• _How to complete this task_:
Without including any images, repeat the listing below exactly.
──────────────────────────────
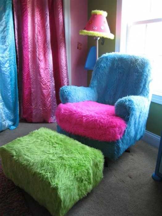 Накидка, сделанная своими руками из искусственного меха, – прекрасный способ украсить, обновить и преобразить мебель, сделав её мягкой и очень приятной на ощупь. Разнообразие цветов и длины ворса позволяет выбрать мех по своему вкусу, чтобы он не казался слишком кричащим. Ну, а как приятно после трудового дня упасть в такое утопающе-мягкое кресло и отдохнуть с книгой или шитьём в руках! Давайте попробуем повторить это в своём доме. Для МК специально был использован мех контрастных цветов (синий, розовый, зелёный) – вы можете выбрать вариант, который вам ближе.
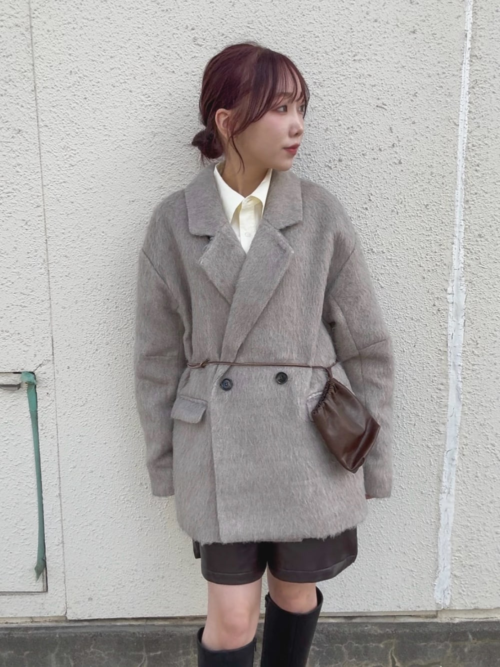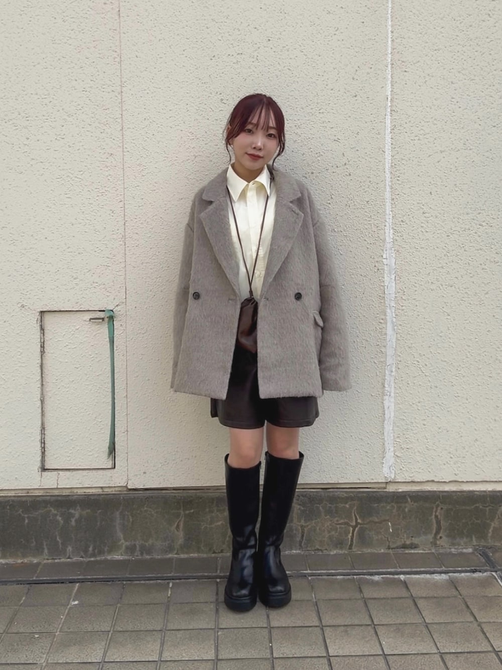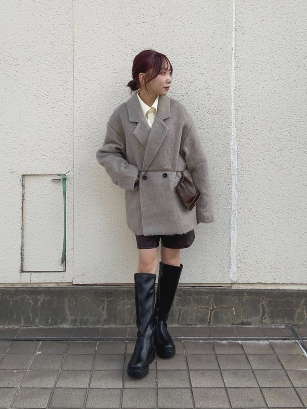 ショート丈のアウターなので、ワイドデニムやロングブーツ合わせでもすっきり見えます!
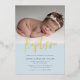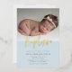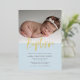 Blue Simple Modern Calligraphy Baptism Photo foil Invitation features one photo, along with modern calligraphy in real foil.
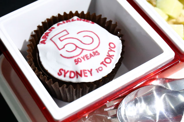 シドニー発成田行きJL772便エコノミークラスの2食目機内食で提供された記念デザート。約1カ月間提供する=19年10月1日 PHOTO: Masahiro SATO/Aviation Wire
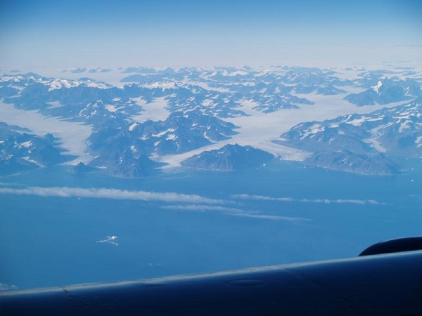Der Flieger stand dann noch so ungefähr eine Stunde rum, weil irgendwas scheinbar repariert werden musste und dann gings los. Der Flug verlief ziemlich problemlos, ab und zu gab es schöne Aussichten aus dem Fenster wie zum Beispiel die als wir gerade Grönland passierten:
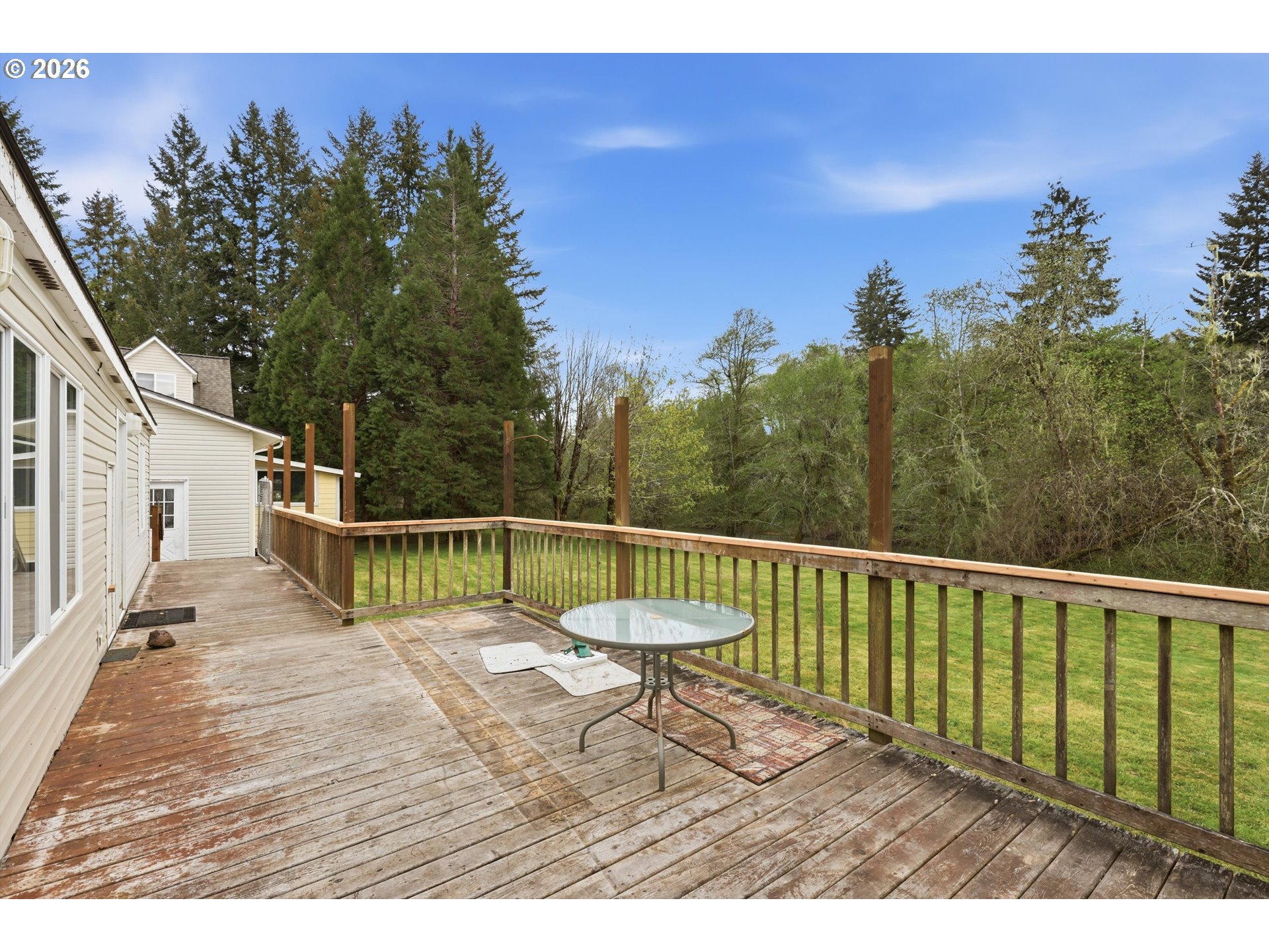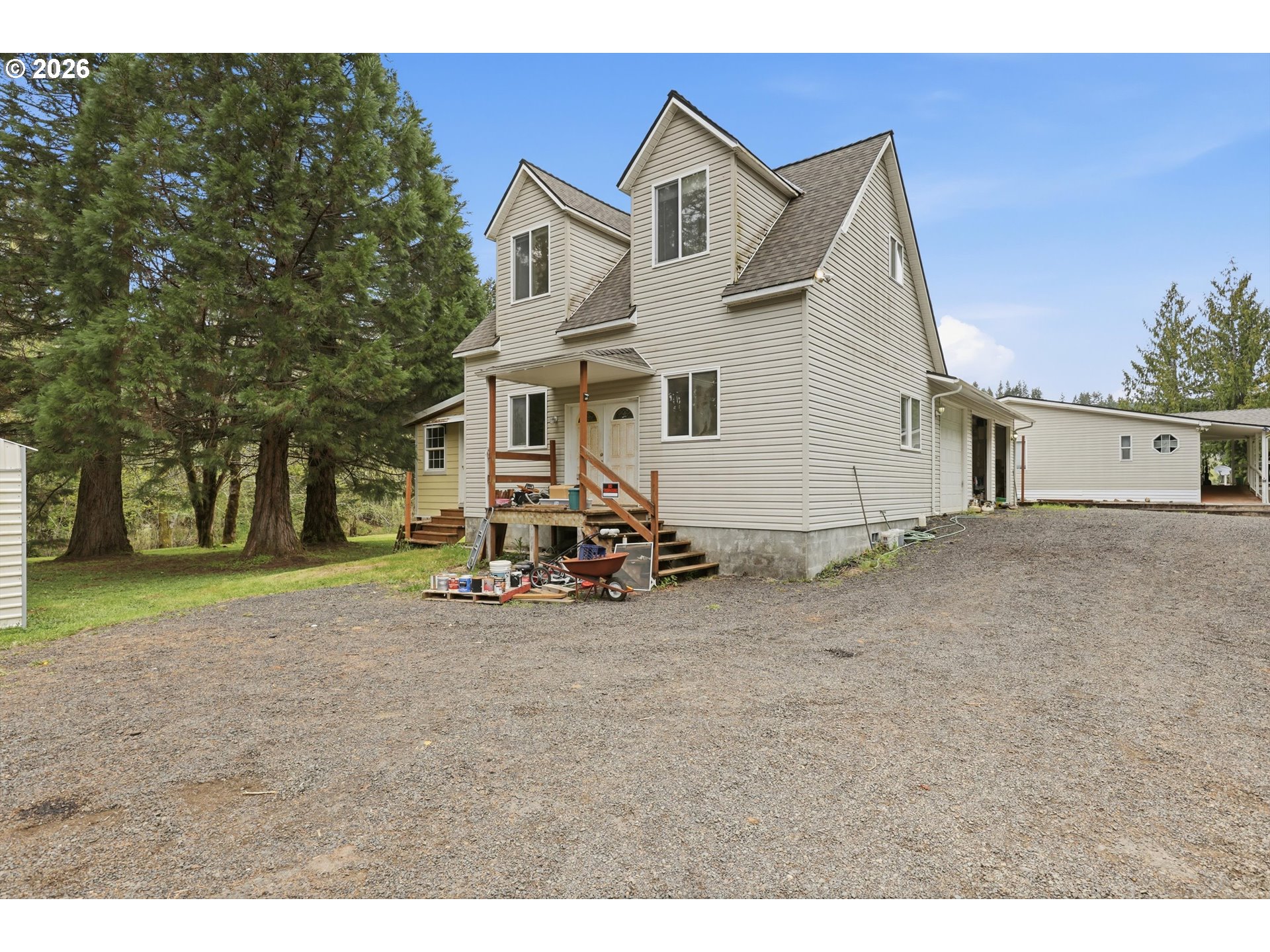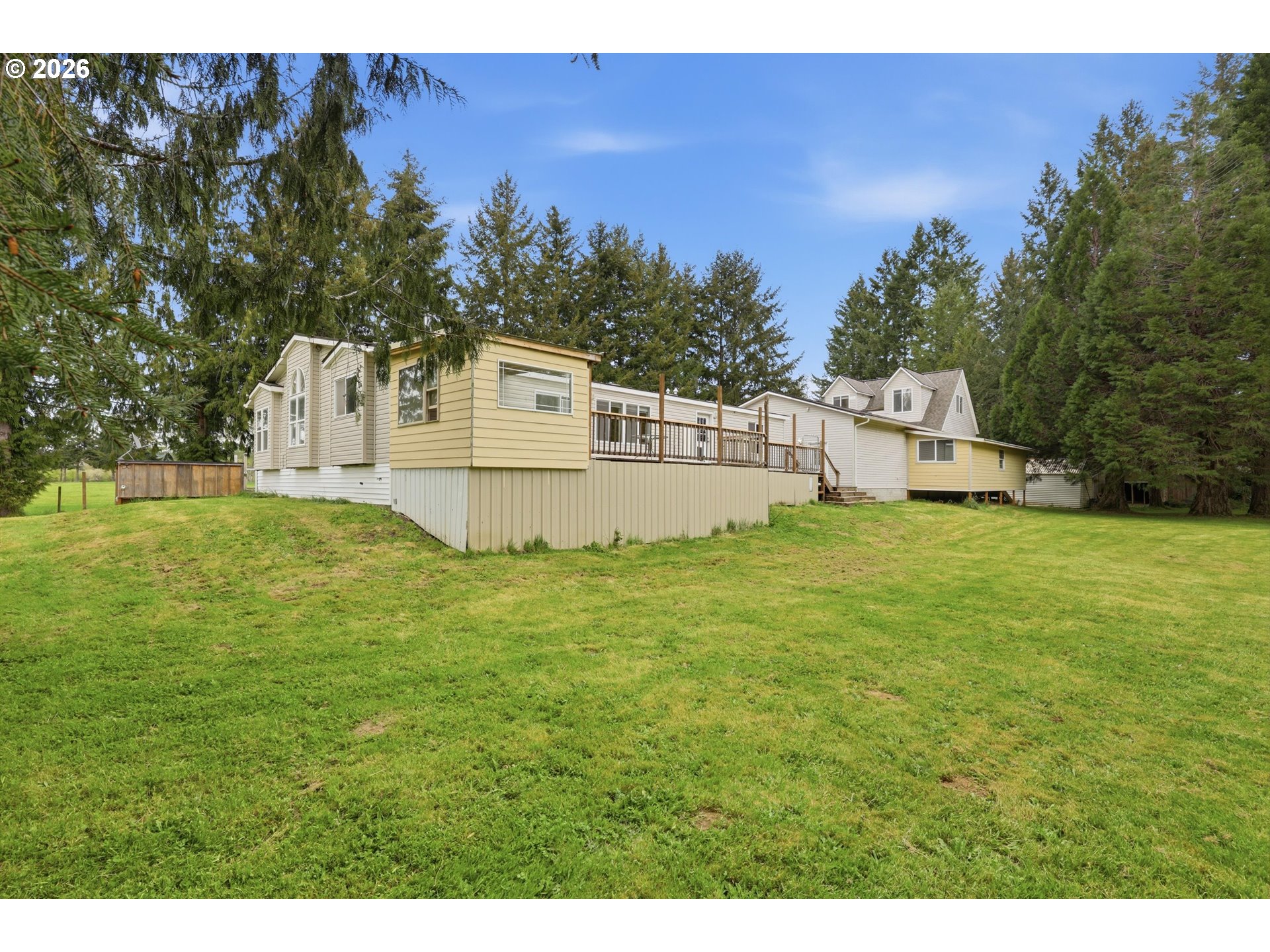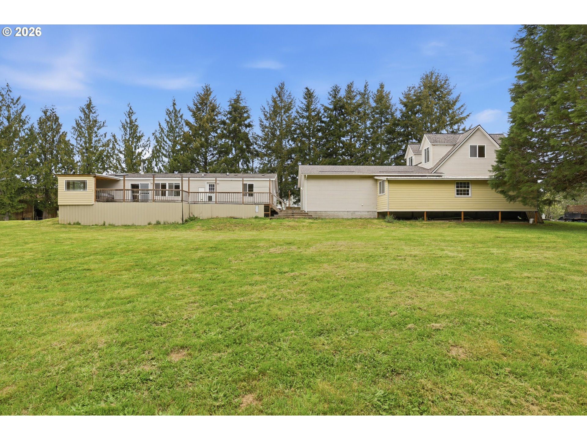Incredibly serene 37.14 acre property, 3 bed 2 bath 2,254 sqft triple wide manufactured home with large covered front porch. Living room has vaulted ceilings, lots of windows and propane fireplace. Large kitchen with pantry, large bedrooms, primary bed with vaults, walk in closet and ensuite bath with oversized soaker tub, and stand up shower. Seller has new shower base purchased and never installed if someone wanted to remodel primary bath. Slider from dining room to back deck with enclosure around hot tub. Hot tub is newer but has a small leak believed to be around one of the jets. House has full house Generac generator and propane tankless hot water heater. Outbuildings included; 3 stall horse barn with hot and cold water wash stall, hay storage, office/tack room with toilet. 3 car detached Garage is wired 220 with both 220 and 20 amp outlets and wired relay for exterior lights so if there is motion all lights come on. 2 story attached workshop below with studio above with full bath and beautiful hardwood floors from the over 100 year old grange when it was taken down. Buyer to do their own due diligence on the workshop/studio being used as an ADU.Well pump house with backup generator. 40x60 shopLarge wood shed that could be used for boat storageWood shedUtility shed2 car metal car port. Roof on house and 3 car garage new in 2020 with transferrable warranty. Property has 1,000 ft of Nehalem river frontage, stairs down to the river have been started. 32.14 acres in tax deferral and have been hayed for years there is no present lease or contract so that new owner has no immediate obligation. Seller has contacts if new owner would like to engage with someone interested in haying the property. Propane tank is rented, diesel tank is owned. 3 California redwoods, Alder, Fir, Redwood, Cedar, Pear and Apple trees. Wildlife including elk herd that frequent the property.
──────────────────────────────
• _Your response_:
 Накидка, сделанная своими руками из искусственного меха, – прекрасный способ украсить, обновить и преобразить мебель, сделав её мягкой и очень приятной на ощупь. Разнообразие цветов и длины ворса позволяет выбрать мех по своему вкусу, чтобы он не казался слишком кричащим. Ну, а как приятно после трудового дня упасть в такое утопающе-мягкое кресло и отдохнуть с книгой или шитьём в руках! Давайте попробуем повторить это в своём доме. Для МК специально был использован мех контрастных цветов (синий, розовый, зелёный) – вы можете выбрать вариант, который вам ближе.
 ショート丈のアウターなので、ワイドデニムやロングブーツ合わせでもすっきり見えます!
 Blue Simple Modern Calligraphy Baptism Photo foil Invitation features one photo, along with modern calligraphy in real foil.
 シドニー発成田行きJL772便エコノミークラスの2食目機内食で提供された記念デザート。約1カ月間提供する=19年10月1日 PHOTO: Masahiro SATO/Aviation Wire
Der Flieger stand dann noch so ungefähr eine Stunde rum, weil irgendwas scheinbar repariert werden musste und dann gings los. Der Flug verlief ziemlich problemlos, ab und zu gab es schöne Aussichten aus dem Fenster wie zum Beispiel die als wir gerade Grönland passierten:
Incredibly serene 37.14 acre property, 3 bed 2 bath 2,254 sqft triple wide manufactured home with large covered front porch. Living room has vaulted ceilings, lots of windows and propane fireplace. Large kitchen with pantry, large bedrooms, primary bed with vaults, walk in closet and ensuite bath with oversized soaker tub, and stand up shower. Seller has new shower base purchased and never installed if someone wanted to remodel primary bath. Slider from dining room to back deck with enclosure around hot tub. Hot tub is newer but has a small leak believed to be around one of the jets. House has full house Generac generator and propane tankless hot water heater. Outbuildings included; 3 stall horse barn with hot and cold water wash stall, hay storage, office/tack room with toilet. 3 car detached Garage is wired 220 with both 220 and 20 amp outlets and wired relay for exterior lights so if there is motion all lights come on. 2 story attached workshop below with studio above with full bath and beautiful hardwood floors from the over 100 year old grange when it was taken down. Buyer to do their own due diligence on the workshop/studio being used as an ADU.Well pump house with backup generator. 40x60 shopLarge wood shed that could be used for boat storageWood shedUtility shed2 car metal car port. Roof on house and 3 car garage new in 2020 with transferrable warranty. Property has 1,000 ft of Nehalem river frontage, stairs down to the river have been started. 32.14 acres in tax deferral and have been hayed for years there is no present lease or contract so that new owner has no immediate obligation. Seller has contacts if new owner would like to engage with someone interested in haying the property. Propane tank is rented, diesel tank is owned. 3 California redwoods, Alder, Fir, Redwood, Cedar, Pear and Apple trees. Wildlife including elk herd that frequent the property.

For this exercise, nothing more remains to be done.